第70章 人命關天
距離上次小樹林之後,季然已經許久沒再與陸家人打過交道,這乍然一見,還給愣了一下。心裡道了一聲晦氣,季然便轉身欲走。
「等一下。」
結果剛轉身,就被陸長遠給叫住了。
季然當然是不可能真停下來的,他不欲與其糾纏,非但沒停下,反而走的更快了。
陸長遠見狀,竟然追上了他,直接跑到他身前,伸胳膊就是一攔。
不得已,季然這才停住腳步,挑眉看著對方。
「大……季哥何故見了我就跑?」陸長遠嫂字舌尖一繞,想起季然早就被他們家休了,便生硬的改了口。
「跑?呵,這年頭腿長也是罪過嗎?你哪隻眼睛看到我跑了?」季然似笑非笑,「再說,咱們兩家什麼交情?我只是懶得搭理你而已,好不容易撇乾淨,我可不想無故再惹一身腥。」
陸長遠臉色變了數變,卻是將目光落在季平安臉上,嘆了一聲道,「一晃,這孩子竟是都這麼大了。」
可不是大麼,特麼都馬上半歲了。而且這小孩兒聰明,三個月大點就能聽從指令學動作,現在更是,愛跟人傻樂不說,一樂呵就興奮得拍巴掌,渾身上下都透著股機靈勁兒,是個早慧的。
但這不是重點,重點是,陸長遠怎麼就突然盯上了孩子。
幾乎是本能的,季然戒備抱著孩子後退一步,把孩子的臉摁進了懷裡,目光冷銳的看著陸長遠。
「季哥別這麼緊張嘛。」陸長遠目光總算從小孩兒身上挪到了季然臉上,「就算不是親戚,那還是同村鄰居呢,難得遇上,打聲招呼亦不為過吧,季哥如此緊張,倒襯得我不懷好意似的。」
季然卻是眼珠一轉,忽然牛頭不對馬嘴的接了一句,「陶公子近來可好?」
「你……」陸長遠淡笑的臉色驟然一變,瞬間蒼白了幾分,嘴唇抖了抖才問,「你怎麼知道?」完了忽然意識到說漏嘴,當即眼眸一眯。
「呵呵。」季然卻沒深說,意味深長的一聲呵呵,抱著孩子繞開陸長遠就走人。
這麼一來,陸長遠倒是沒再繼續追上去糾纏,就是看著季然背影的目光晦暗不明,而垂在身側的雙手卻早已緊攥成拳。
一樣,季然也因為遇到陸長遠心情不爽,總有種日子又將被攪風攪雨的煩躁感。
陸臻握住我的手,冰涼的觸感凍我個激靈的同時,也讓我浮躁的心漸漸恢復了冷靜。
「有陶沅這個掣肘,他掀不起風浪來,私藏通緝要犯,那可是大罪。」陸臻道,「不過,就怕狗急跳牆,陸長遠向來講究文人風骨,挺會裝的,現在渾身卻縈繞著一股陰鬱之氣,陰鬱過之不及,大盛即是死氣。」
「你是說?」季然聞言一驚。
「沒錯。」陸臻點點頭,「一唸成仁一唸成魔,善惡不過一念之間,陸長遠,怕是被逼到極限了。」
「所以呢?」季然眉心跳了跳。
「我剛看他右手袖子裡藏了匕首,應該是他方才在挑貨郎那裡買下的。」陸臻說完,意味深長的笑了笑。

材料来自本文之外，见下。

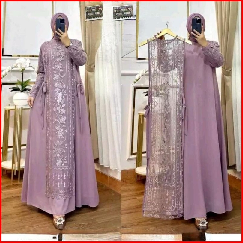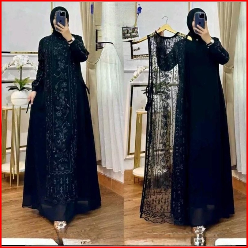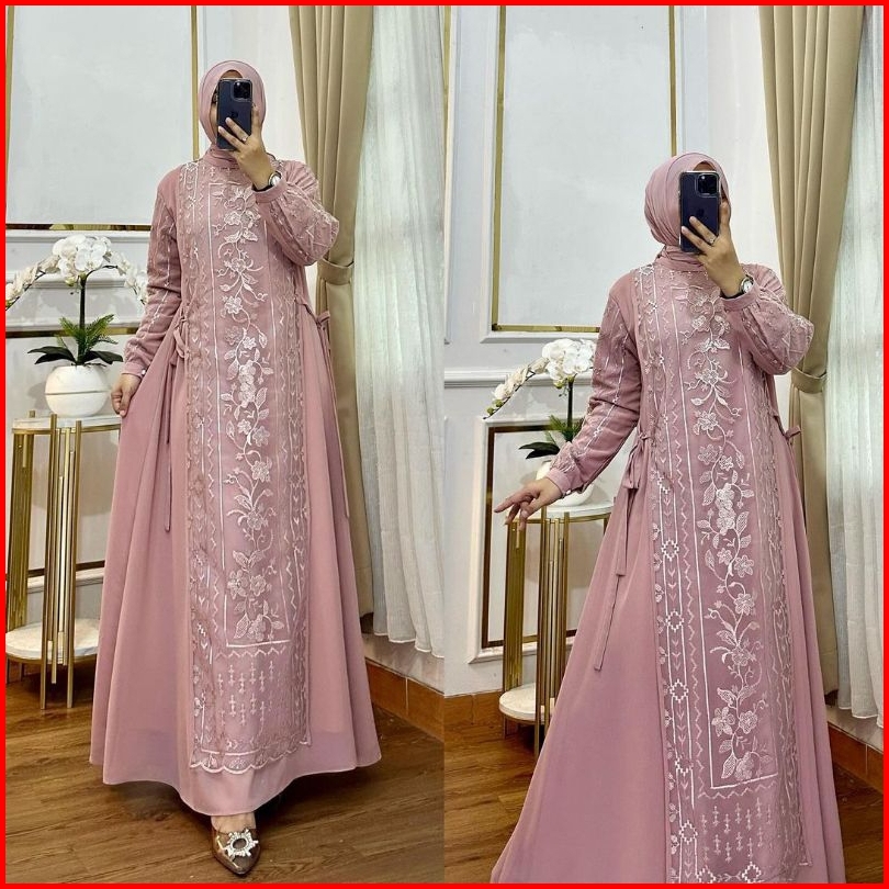 Zafier Clothing Mudra Dress Brukat Wanita Premium Brukat Outer Terpisah Bahan Ceruty Gamis Brukat Wanita Kekinian Gamis

季然回過味兒來,眼睛忽地就瞪大了,「你的意思,該不會陸長遠想殺陶沅吧?都想到殺人了,那他幹嘛不報官呢?」
「不報官自然是有不報官的道理。」陸臻嗤笑一聲,「想必是有不可告人的把柄被人拿捏著,你忘了上次小樹林了?」
季然當然沒忘,回想當時細節,後知後覺的點了點頭。
陸長遠這事兒,不過是個小插曲,過去便過去了。
不過這事兒,季然還是給記在了心裡,所謂狗急跳牆,誰知道跳的是不是撒瘋亂咬人的狗呢,為了以防萬一,該有的戒備還是得有,畢竟,防人之心不可無嘛。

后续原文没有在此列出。